We developed and internally validated a nomogram for the early diagnosis of severe MPP associated with PB. Fever duration, NP, LDH, PCT, IL-6, and pleural effusion were included in the nomogram. The proposed nomogram is an easy-to-use tool for diagnosing PB. Internal validation showed that the nomogram had good discriminatory power and calibration. The C-index was 0.900 (0.866–0.934), indicating that the nomogram could be used in large cohorts in clinical practice. Decision curve analysis(DCA) indicated that at a threshold probability of ≥ 14%, the nomogram was more clinically useful in diagnosing PB.
P-trend analysis showed that the OR increased with the increase in PCT, indicating that high PCT increased the risk of developing PB. PCT was clinically useful, underscoring the need to incorporate this variable into this diagnostic model. The contribution of pleural effusion to the nomogram was lower; however, in clinical practice, imaging showed that pleural effusion had a higher predictive ability and clinical value for severe MPP associated with PB, suggesting that pleural effusion could be used as an independent clinical feature in the proposed model.
Fever duration was clinically useful and was longer in the PB group than in the control group (mean: 11.50 [0–32 days] vs. 8.25 [0–18 days]), suggesting that patients with severe MPP with a long fever duration (more than 11 days) are more likely to develop PB.
Bronchial casts may be caused by inflammatory cell infiltration and inflammatory mediators, resulting in congestion, edema, necrosis of the tracheal mucosa, and airway obstruction[13]. IL-6 levels are positively correlated with the severity of MPP[14]. Increased IL-6 levels in the bronchoalveolar lavage fluid in the acute phase of MPP indicate a local inflammatory response in the lungs [15–17]. IL-6 aggravates tissue inflammation by increasing the production of other immune factors [18]. In this study, IL-6 level was higher in the PB group than in the control group (mean: 68.43 [2.86–806.40] pg/ml vs. 20.89 [1.00–318.90] pg/ml), indicating that children with severe MPP and IL-6 levels higher than 68 pg/ml should be monitored for PB.
PB can be secondary to asthma, bronchitis, atelectasis, and pulmonary fibrosis[19] and may develop in healthy children; however, patients with allergies or asthma are at higher risk[20, 21]. PB is caused by influenza viruses, MP, and adenoviruses[22].
Bronchial casts are either inflammatory (type 1) or acellular (type 2)[23]. Type 1 casts are characterized by dense fibrin and the infiltration of eosinophils and neutrophils. Type 2 casts are characterized by the presence of mucin with little or no cellular infiltration. Type 2 PB is secondary to congenital cyanotic heart disease, especially after Fontan operation. Bronchial casts may be an unusual response of the pulmonary epithelium to increased pulmonary venous pressure and lymph exudation caused by surgical injury or lymphatic malformation[24]. Most reported cases of PB in China are type 1. The incidence of PB in children who underwent Fontan operation is 4–14%.

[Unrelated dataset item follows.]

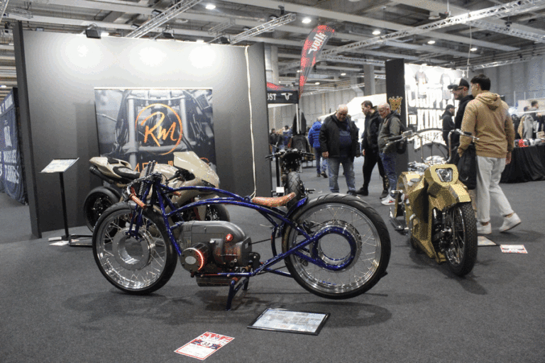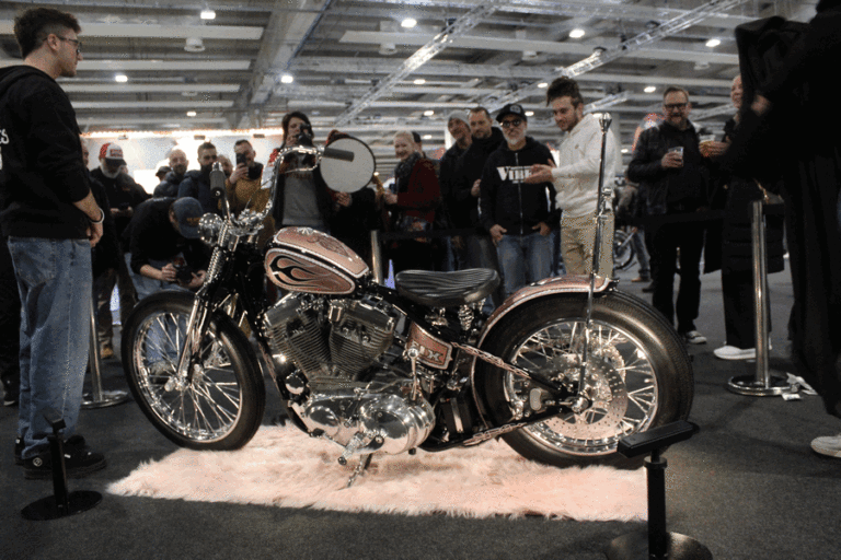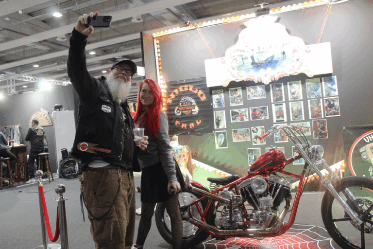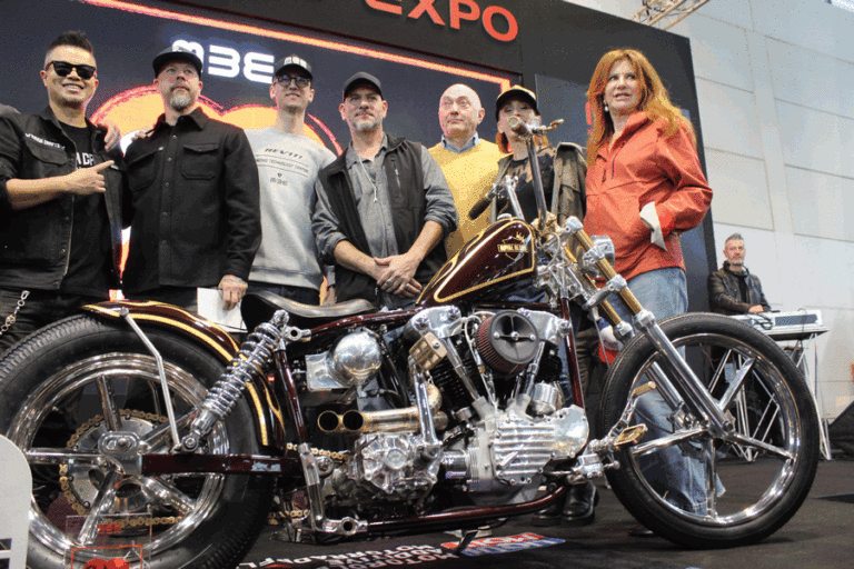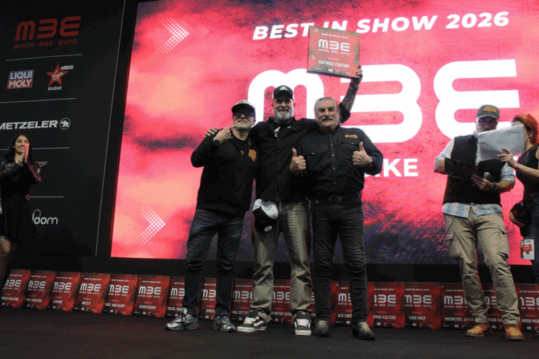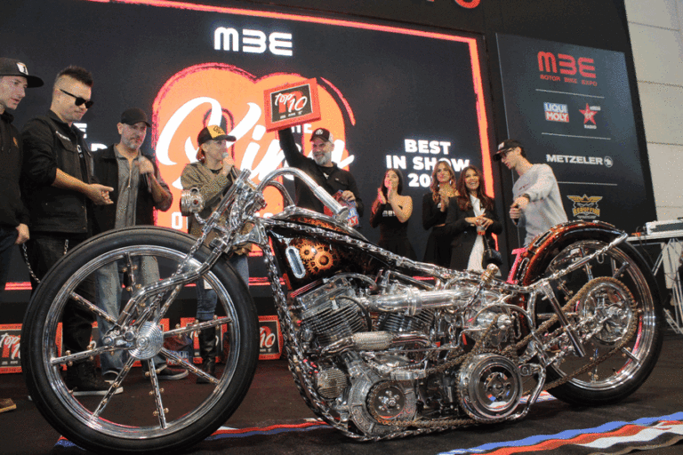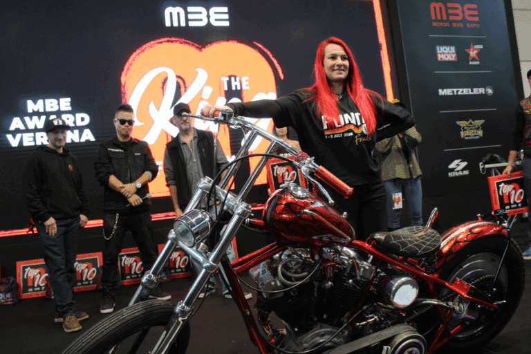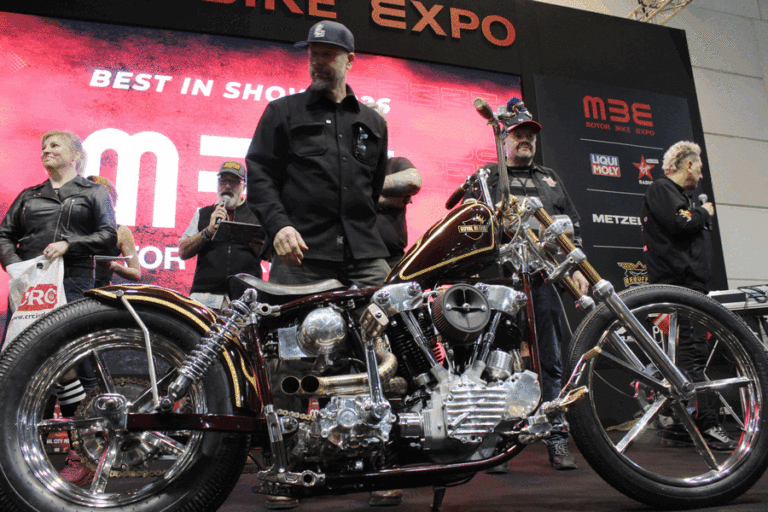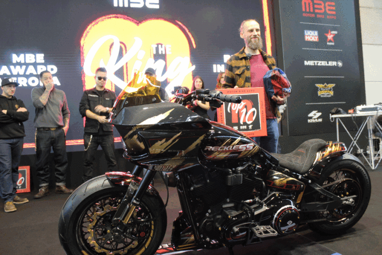 Molti i concorsi che si sono svolti a MBE 2026 tra tutti MBE Award “The King Of Kustom” che quest’anno se lo sono aggiudicato gli inglesi di El Lobo Cycles con Royal Blood un chopperino con telaio hand made motore S&S replica di un Knuclehead, che non poche perplessità ha destato tra gli addetti ai lavori e anche tra il pubblico. Quello che è sicuro che stavolta non si può dire che sia una moto che non possa circolare tranquillamente per strada. La giuria tecnica composta da Cristian Sosa di Sosa Metalworks, Mike Rabideu di Majik Mike’s Design, Satya Kraus di Kraus Motor e Wiston Yea di Rough Crafts ha decretato la moto di El Lobo la regina della fiera.
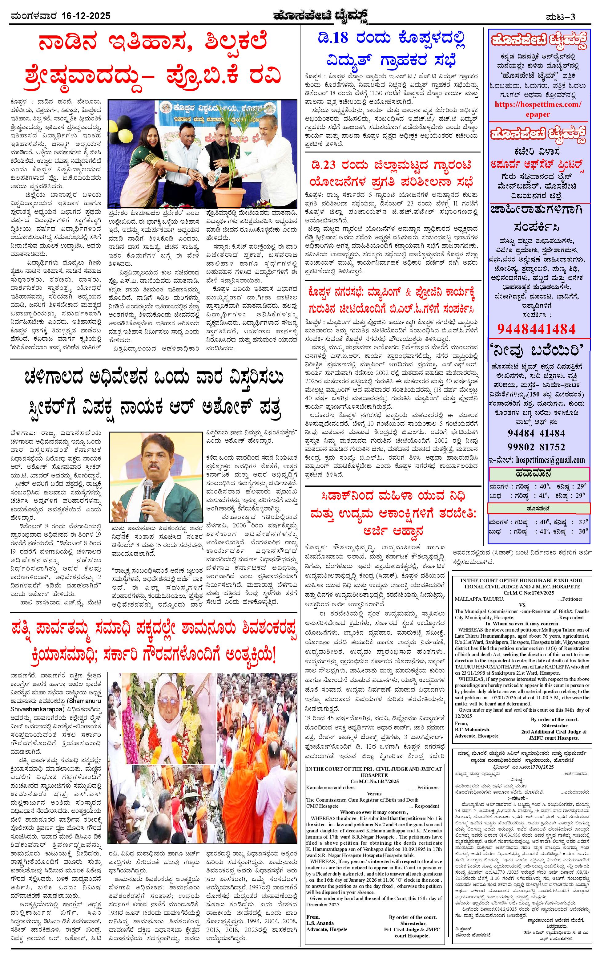 ಮಾಧ್ಯಮ ಅಕಾಡೆಮಿ ಪ್ರಶಸ್ತಿ ಪುರಸ್ಕೃತ 'ಹೊಸಪೇಟೆ ಟೈಮ್ಸ್' Page: 3 December 16, 2025 << First << 3 >> Last >> Page 1Page 2Page 3Page 4 × ಮಾಧ್ಯಮ ಅಕಾಡೆಮಿ ಪ್ರಶಸ್ತಿ ಪುರಸ್ಕೃತ 'ಹೊಸಪೇಟೆ ಟೈಮ್ಸ್' HPT-16122025-4-page-001HPT-16122025-4-page-002HPT-16122025-4-page-003HPT-16122025-4-page-004 << First << 3 >> Last >> HPT-16122025-4-page-001HPT-16122025-4-page-002HPT-16122025-4-page-003HPT-16122025-4-page-004 HPT-16122025-4-page-003

A total of 196 cases of PB were diagnosed in this study. Of these, 49 cases were excluded because the etiological agent was not identified (13, 6.60%), pneumonia was caused by pathogens other than MP (7, 3.60%), and MP was associated with other pathogens (29, 14.80%). Among the 196 patients, 147 patients (75%) were infected with MP, and 21 patients (10.71%) were infected with MP and EB virus, indicating that MP, and the mixed infections of MP and EB virus were common in our cohort, contrary to previous studies[25–26].
Using univariate logistic regression analysis and p-trend analysis, ten clinical characteristics more useful for diagnosing PB were selected. An AUC of 0.70–0.79 is considered clinically acceptable, and an AUC ≥ 0.8 is excellent[27, 28]. Therefore, an AUC ≥ 0.70 was chosen to identify diagnostic predictors of PB, and a diagnostic model with six independent clinical characteristics was developed.

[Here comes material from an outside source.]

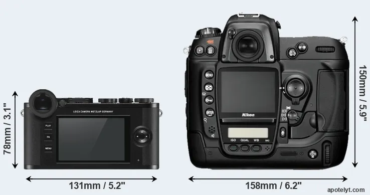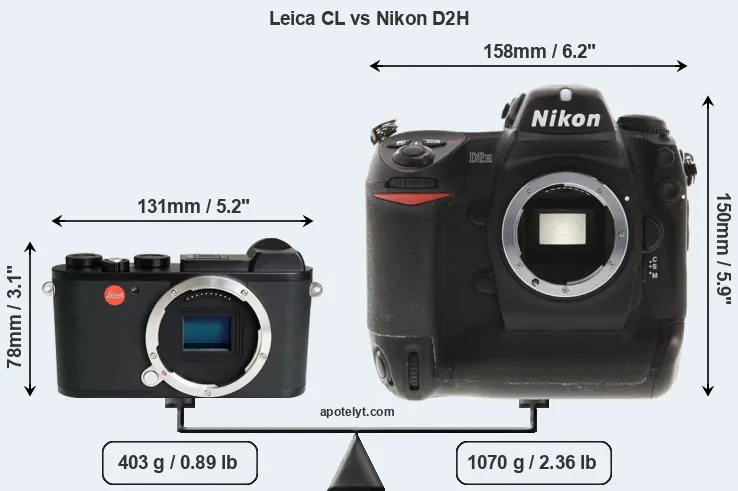 If the front view area (width x height) of the cameras is taken as an aggregate measure of their size, the Nikon D2H is considerably larger (132 percent) than the Leica CL. Moreover, the D2H is substantially heavier (166 percent) than the CL. It is noteworthy in this context that the D2H is splash and dust-proof, while the CL does not feature any corresponding weather-sealing.

The discriminative ability of the two models was assessed. Model 1 included fever duration, NP, and LDH, and model 2 included fever duration, NP, LDH, PCT, IL-6, and pleural effusion. The C-index of models 1 and model 2 was 0.854 (0.816–0.893) and 0.900 (0.866–0.934), respectively. The C-index of model 2 was significantly higher than that of model 1. Using ROC analysis, the difference in AUC between the two models was 0.046 (0.022–0.070) (p < 0.001), suggesting that PCT, IL-6, and pleural effusion were integrated into the nomogram. The net reclassification index(NRI) was 0.1803 (95% CI: 0.0039–0.3567; p = 0.0451), and the integrated discrimination improvement (IDI) was 0.1755 (95% CI: 0.1004–0.2505; p < 0.001). The accuracy of model 2 increased by 17.55%.
This study has limitations. First, the retrospective design may lead to bias. Second, only data from one hospital were analyzed. Therefore, prospective studies with larger cohorts are necessary to validate our model.